Redeem: www.blissfulbrownies.com

By Amy Sherman
They just might be the best brownies ever made, with each chewy bite chock-full of chocolate chunks. Crafted in small batches from top-quality ingredients and free of preservatives, the elegantly packaged monsters are rich and dense, but pop them in the microwave and they become meltingly tender and luscious, as if they’d just came out of the oven.
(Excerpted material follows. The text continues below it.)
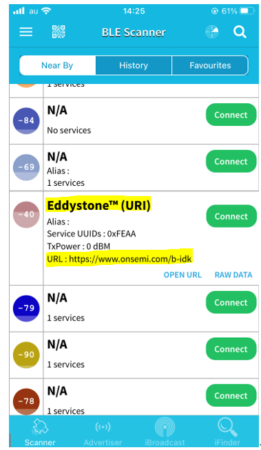 3.以下よりBLE Scannerを用いて、Eddystone Beaconでデータ送信されている事を確認できます。(図12参照)

Ambler FitzSimons, the forced behind Blissful, chucked a promising law career for the love of these sweet chocolate squares—so you know she’s serious—and she continues to tinker with her base recipe to come up with even more extravagant creations. Brownies striped with a layer of peanut butter are a favorite, as are the sophisticated ones made with fresh raspberries right in the batter. (You’ll love them with port.) FitzSimons admits to a love of all things buttery, and her brown-sugar brownies have a true butterscotch flavor. But the award for most-over-the-top must go to her German chocolate brownies, with a crumbly glaze of coconut, pecans, brown sugar, and cream. That FitzSimons makes great brownies is not in question. That she will ever make judge is definitely in doubt.

Brownie Basics

To serve warm, microwave for 10–20 seconds

Store chocolate brownies in the refrigerator for up to two months (brown-sugar brownies—aka “blondies”—for up to one month)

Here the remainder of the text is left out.